## The problem
Return all of the data that follows precisely, leaving every image out.

## Recorded information
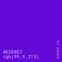 Цвет #6309D7 в цветовой модели RGB обозначается тремя октетами (99, 9, 215) в десятичном формате и #6309D7 в шестнадцатиричном (hex) формате, которые являются интенсивностью красного 99 (hex 63), интенсивность зелёного 9 (hex 09) и интенсивность синего 215 (hex D7).
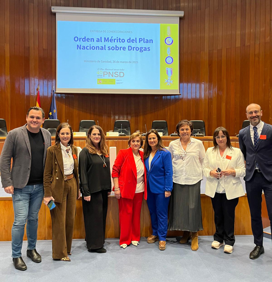 La consejera de Inclusión Social, Juventud, Familias e Igualdad, Begoña Gómez del Río, ha felicitado a la entidad AMAT- Afrontando Adicciones por la condecoración de la Cruz Blanca al Mérito del Plan Nacional sobre Drogas recibida en el acto celebrado esta mañana en el Ministerio de Sanidad, “que reconoce y refrenda la acción y el trabajo desarrollado en la prevención y atención de las conductas adictivas.
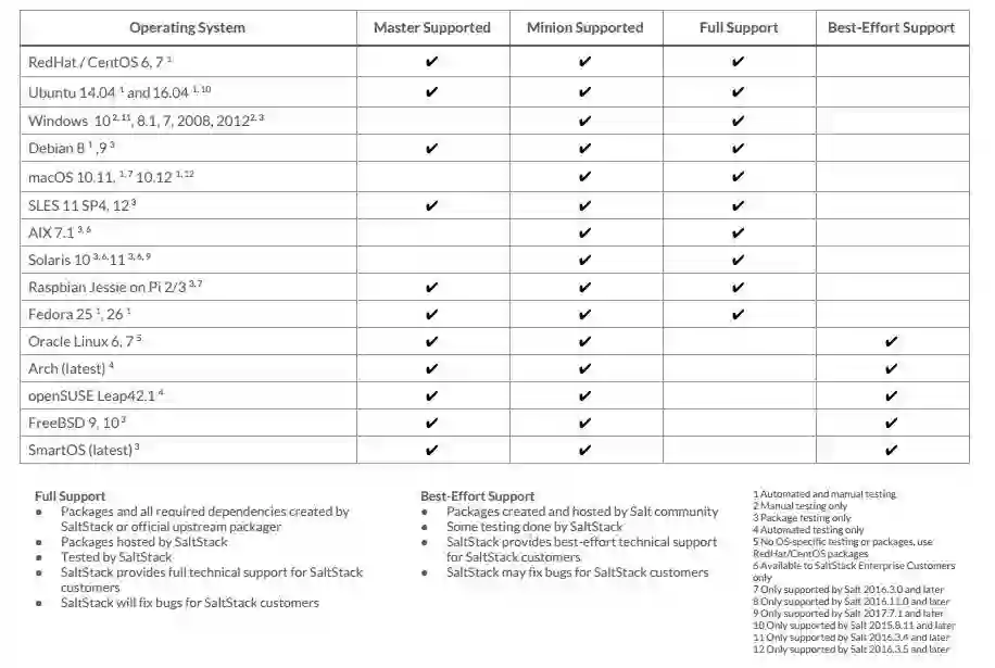 导致的结果是我们的minion无法安装,在官网中,我们找到了SaltStack支持的所有平台的列表:
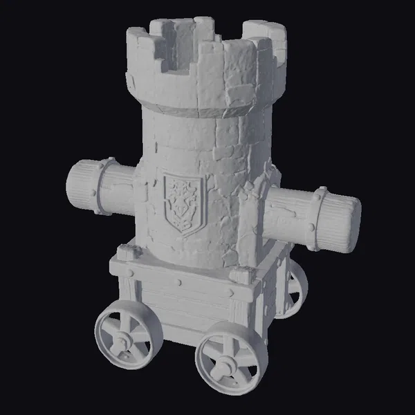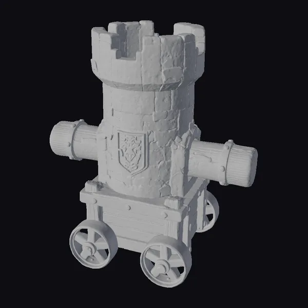 Crafted with meticulous attention to detail, this medieval stone fort cannon model showcases a blend of robust stone masonry and wooden cart construction. The cannon’s body, made from white stone blocks, features a shield emblem and is mounted on a wooden base equipped with metal-rimmed wheels for mobility. Two cannons protrude from its sides, ready for action. This model is perfect for game developers, animators, and designers looking to add a touch of medieval authenticity to their projects. Its high level of detail makes it suitable for close-up shots in animations, games, or architectural visualizations.

## Result for this task
 Цвет #6309D7 в цветовой модели RGB обозначается тремя октетами (99, 9, 215) в десятичном формате и #6309D7 в шестнадцатиричном (hex) формате, которые являются интенсивностью красного 99 (hex 63), интенсивность зелёного 9 (hex 09) и интенсивность синего 215 (hex D7).
 La consejera de Inclusión Social, Juventud, Familias e Igualdad, Begoña Gómez del Río, ha felicitado a la entidad AMAT- Afrontando Adicciones por la condecoración de la Cruz Blanca al Mérito del Plan Nacional sobre Drogas recibida en el acto celebrado esta mañana en el Ministerio de Sanidad, “que reconoce y refrenda la acción y el trabajo desarrollado en la prevención y atención de las conductas adictivas.
 导致的结果是我们的minion无法安装,在官网中,我们找到了SaltStack支持的所有平台的列表:
 Crafted with meticulous attention to detail, this medieval stone fort cannon model showcases a blend of robust stone masonry and wooden cart construction. The cannon’s body, made from white stone blocks, features a shield emblem and is mounted on a wooden base equipped with metal-rimmed wheels for mobility. Two cannons protrude from its sides, ready for action. This model is perfect for game developers, animators, and designers looking to add a touch of medieval authenticity to their projects. Its high level of detail makes it suitable for close-up shots in animations, games, or architectural visualizations.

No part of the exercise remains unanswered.